When you copy from the entries that follow, take only the lines from the one with "This Thirsty Sea" down to the one with "Test DR: Camshaft Position (CMP) Sensor", keeping both ends and dropping every picture.

━━━━━━━━

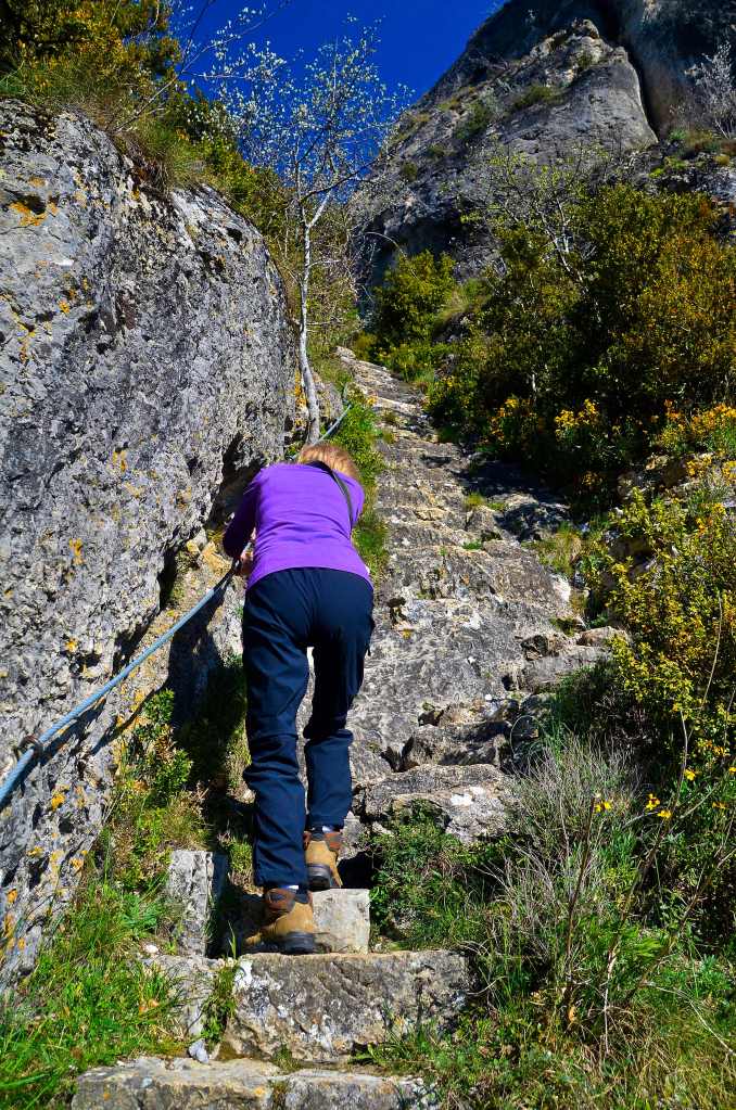We had climbed for about 20 minutes to get to the base of Capluc, whose name comes from Cap Luuis, the Latin for “peak of light”. In the 19th century they were going to erect a statue of the Virgin Mary up there but apparently the local priest entrusted with the funds, a buxom young lady, and the funds themselves, all disappeared. So, in 1973 they erected a simple cross instead.
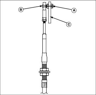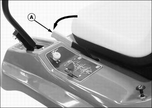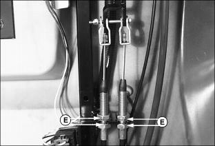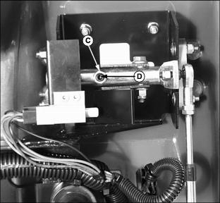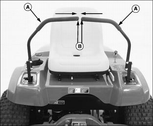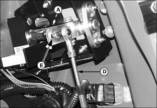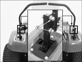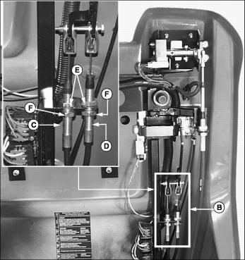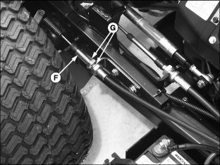 · To decrease brake tension, turn bottom jam nut counterclockwise. · To increase brake tension, turn bottom jam nut clockwise. 12. Move throttle lever to the fast position. 13. Move both control levers to the centered neutral position. Push both control levers forward. · Drive wheels should start to turn freely and front mower should begin to travel forward. · Brakes are adjusted too tight if an audible hydrostatic whine is detected and the front mower does not move. 14. Test and adjust brakes as necessary. Adjust Park Brake-Secondary AdjustmentNOTE: Make park brake secondary adjustment only when the primary adjustment has been completely used up. 2. Loosen upper and lower jam nuts (E). 3. Turn both bottom jam nuts fully to the bottom of the primary adjustment assembly. 4. Locate park brake secondary adjustment (F) on each side of the front mower. 5. Loosen secondary adjustment jam nuts (G). 6. Turn jam nuts 6mm (1/4 in.) forward on each adjustment cable. 8. Make a park brake primary adjustment and tighten jam nuts (E). 9. Test and adjust brakes as necessary. Adjust TrackingA proper tracking adjustment will allow the front mower to maintain a straight line direction of travel. Right and left transmission speeds will vary with travel speed and RPM variations. NOTE: To improve straight line tracking, drive wheel tire pressures must be equal. Check Tracking3. Move both control levers to the centered neutral position. 4. While holding both control levers together, push both control levers forward to a desired mowing speed. · If the front mower travels to the right or left, an adjustment is required. Adjust Tracking1. Park machine safely. (See Parking Safely in the Safety section.) 2. Move both control levers to the centered neutral position. 4. Loosen locknut (A) fastening steering cable eyebolt (B) to slotted control arm plate (C). · If the front mower moves to the left, adjust right control lever. · If the front mower moves to the right, adjust left control lever. 5. Slide cable rod end (D) inside control arm plate adjustment slot (E). · Cable rod end should be slid up (toward seat) in the adjustment slot to slow down the faster transmission pump. · Adjustments should be done in 6mm (1/4 in.) or less increments. 8. Check tracking adjustment. Continue the adjustment process until the front mower travels in a desirable straight line direction. |
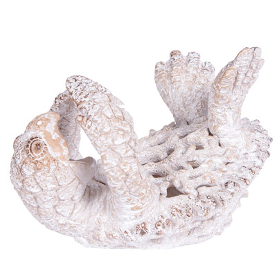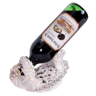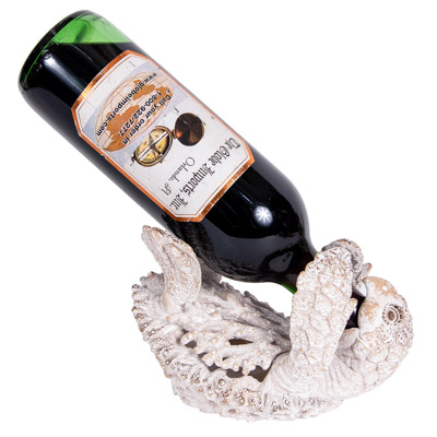 This Thirsty Sea Turtle May Live in the Water, But He Obviously Prefers Wine – It’s a Charming Coastal Bottle Holder That’s as Pretty as It is Practical – The Textured Finish Give It the Look of White-Colored Undersea Coral, but It’s Actually Made of Polystone – The Turtle Happily Holds a Wine Bottle Using His Mouth and Flippers (Bottle Shown Not Included)
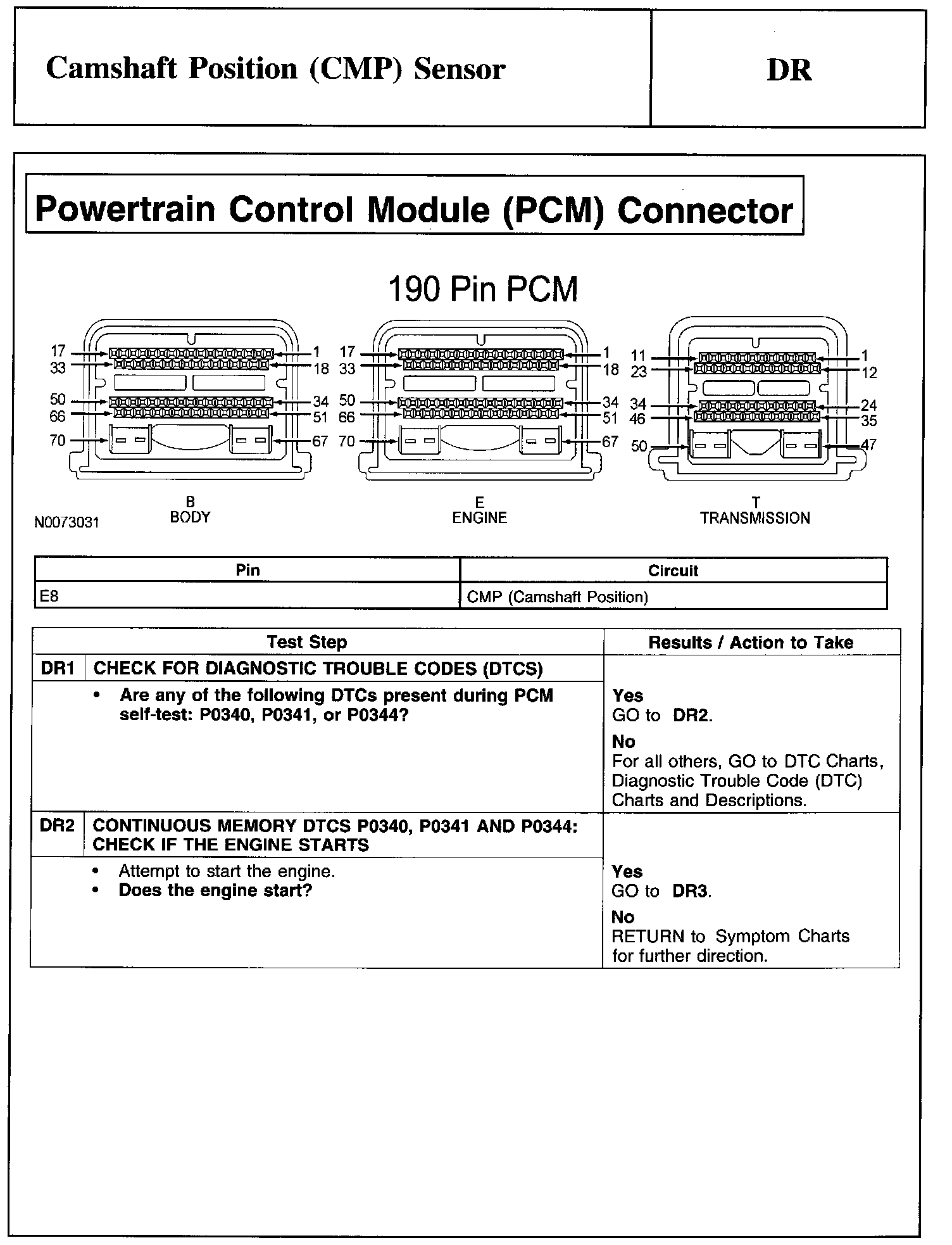 Test DR: Camshaft Position (CMP) Sensor
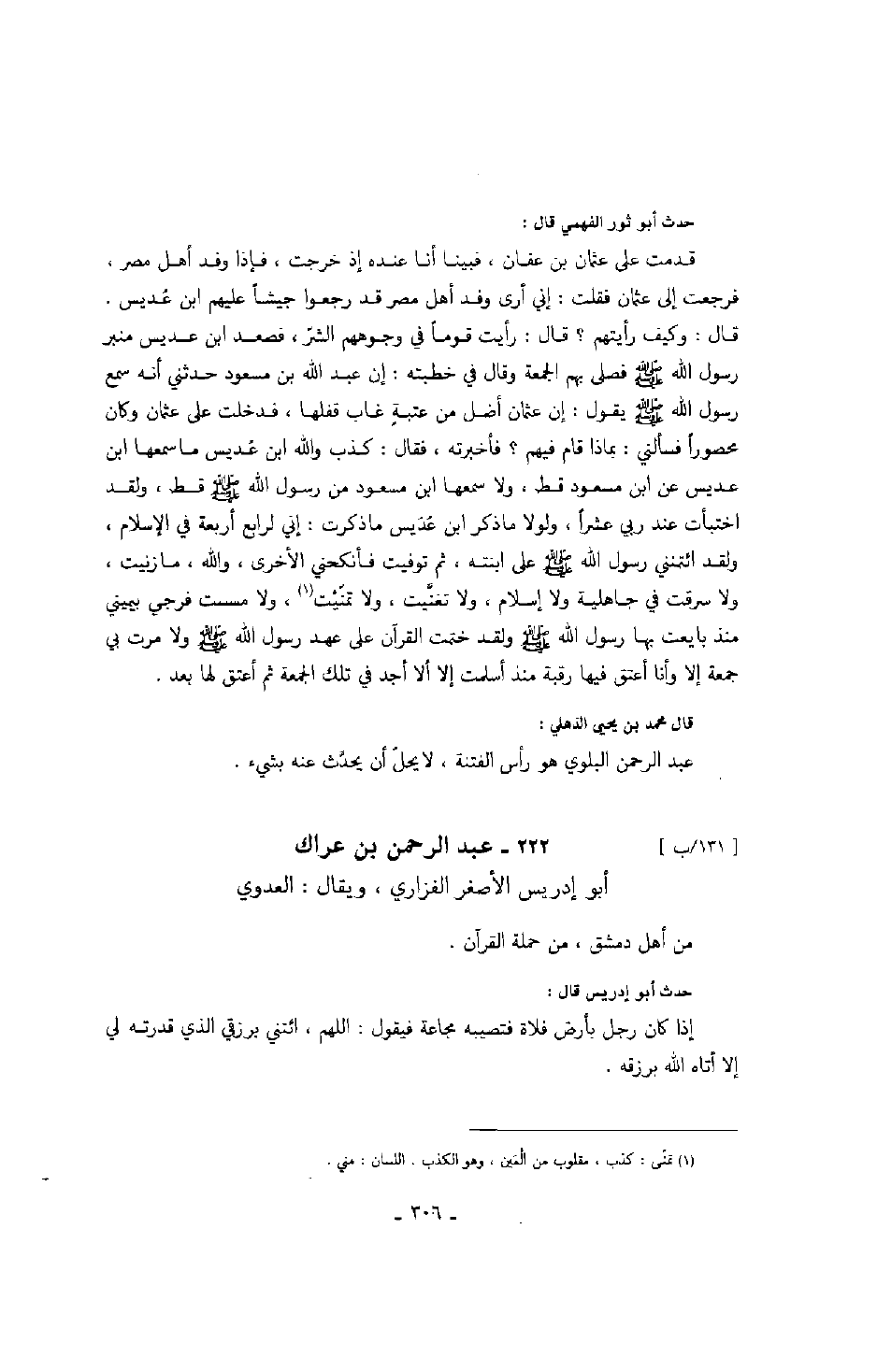 حدث أبو ثور الفهمي قال: قدمت على عثمان بن عفان، فبينا أنا عنده إذ خرجت، فإذا وفد أهل مصر، فرجعت إلى عثمان فقلت: إني أرى وفد أهل مصر قد رجعوا جيشاً عليهم ابن عديس. قال: وكيف رأيتهم؟ قال: رأيت قوماً في وجوههم الشر، فصعد ابن عديس منبر رسول الله صَلَّى اللهُ عَلَيْهِ وَسَلَّمَ فصلى بهم الجمعة وقال في خطبته: إن عبد الله بن مسعود حدثني أنه سمع رسول الله صَلَّى اللهُ عَلَيْهِ وَسَلَّمَ يقول: إن عثمان أضل من عتبة غاب قفلها، فدخلت على عثمان وكان محصوراً فسألني: بماذا قام فيهم؟ فأخبرته، فقال: كذب والله ابن عديس ما سمعها ابن عديس عن ابن مسعود قط، ولا سمعها ابن مسعود من رسول الله صَلَّى اللهُ عَلَيْهِ وَسَلَّمَ قط، ولقد اختبأت عند ربي عشراً، ولولا ما ذكر ابن عديس ما ذكرت: إني لرابع أربعة في الإسلام، ولقد ائتمنني رسول الله صَلَّى اللهُ عَلَيْهِ وَسَلَّمَ على ابنته، ثم توفيت فأنكحني الأخرى، والله، ما زنيت، ولا سرقت في جاهلية ولا إسلام، ولا تغنيت، ولا تمنيت، ولا مسست فرجي بيميني منذ بايعت بها رسول الله صَلَّى اللهُ عَلَيْهِ وَسَلَّمَ ولقد ختمت القرآن على عهد رسول الله صَلَّى اللهُ عَلَيْهِ وَسَلَّمَ ولا مرت بي جمعة إلا وأنا عتق فيها رقبة منذ أسلمت إلا ألا أجد في تلك الجمعة ثم أعتق لها بعد.
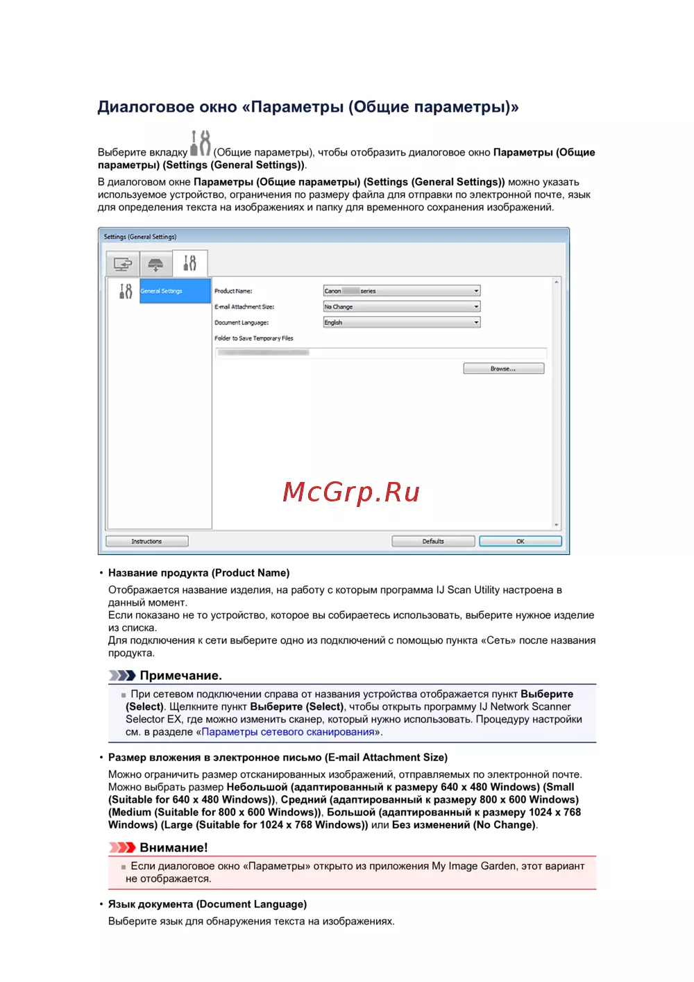 Если диалоговое окно «Параметры» открыто из приложения My Image Garden, этот вариант

━━━━━━━━

**EXERCISE OUTPUT:**
 This Thirsty Sea Turtle May Live in the Water, But He Obviously Prefers Wine – It’s a Charming Coastal Bottle Holder That’s as Pretty as It is Practical – The Textured Finish Give It the Look of White-Colored Undersea Coral, but It’s Actually Made of Polystone – The Turtle Happily Holds a Wine Bottle Using His Mouth and Flippers (Bottle Shown Not Included)
 Test DR: Camshaft Position (CMP) Sensor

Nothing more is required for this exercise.